Resampling data

This notebook will demonstrate how to resample data with Lilio. Lilio is able to resample Pandas’ DataFrame and Series, as well as xarray’s DataArray and Dataset.

We start by importing the required libraries and generating an example Pandas Series and a DataFrame

[1]:

import numpy as np
import xarray as xr
import pandas as pd
import lilio

time_index = pd.date_range('20171020', '20211001', freq='15d')
random_data = np.random.random(len(time_index))
example_series = pd.Series(random_data, index=time_index)
example_dataframe = pd.DataFrame(example_series.rename('data1'))
example_dataframe['data2'] = example_dataframe['data1']

example_series.head(3)

[1]:

2017-10-20    0.053552
2017-11-04    0.314190
2017-11-19    0.291422
Freq: 15D, dtype: float64

The DataFrame looks similar but has two named columns:

[2]:

example_dataframe.head(3)

[2]:

	data1	data2
2017-10-20	0.053552	0.053552
2017-11-04	0.314190	0.314190
2017-11-19	0.291422	0.291422

To resample we need to set up an calendar with the anchor date and frequency. In this case we choose to use the daily_calendar shorthand.

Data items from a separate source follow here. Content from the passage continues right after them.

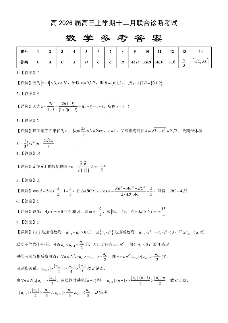 鲁能巴蜀中学、万州中学2026届高三上学期十二月联合诊断考试 数学答案.pdf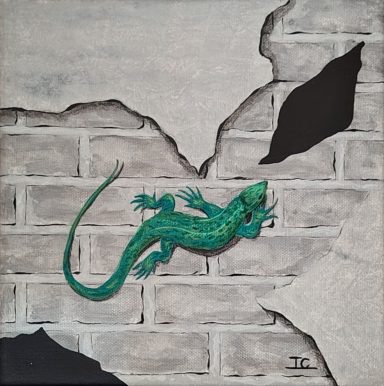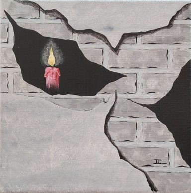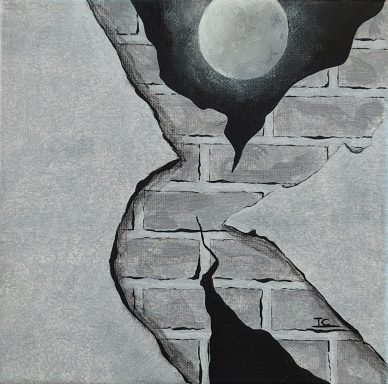 La peur comme une force intérieure, fissurantles murs de notre conscience. Collection "The Wall" 55×46 cm.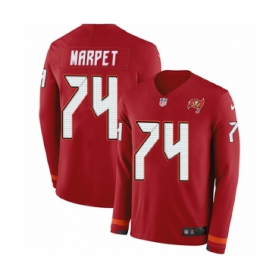 >Men's Nike Tampa Bay Buccaneers #74 Ali Marpet Limited Red Therma Long Sleeve NFL Jersey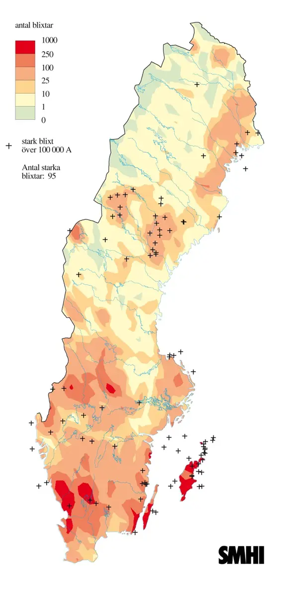 Antalet urladdningar avser en yte inom 15 km radie, dvs 707 km2.

(Passing max_lag is optional, as well as allow_overlap, but this will allow us to demonstrate that resampling works even when intervals overlap)

[3]:

calendar = lilio.daily_calendar(
    anchor="10-15",
    length='90d',
    n_precursors=4,
    allow_overlap=True
)
calendar.map_years(2018, 2020)
calendar.visualize()

../_images/notebooks_tutorial_resampling_data_5_0.png

Next we pass the example data to the resample function. This requires a mapped calendar and the input data.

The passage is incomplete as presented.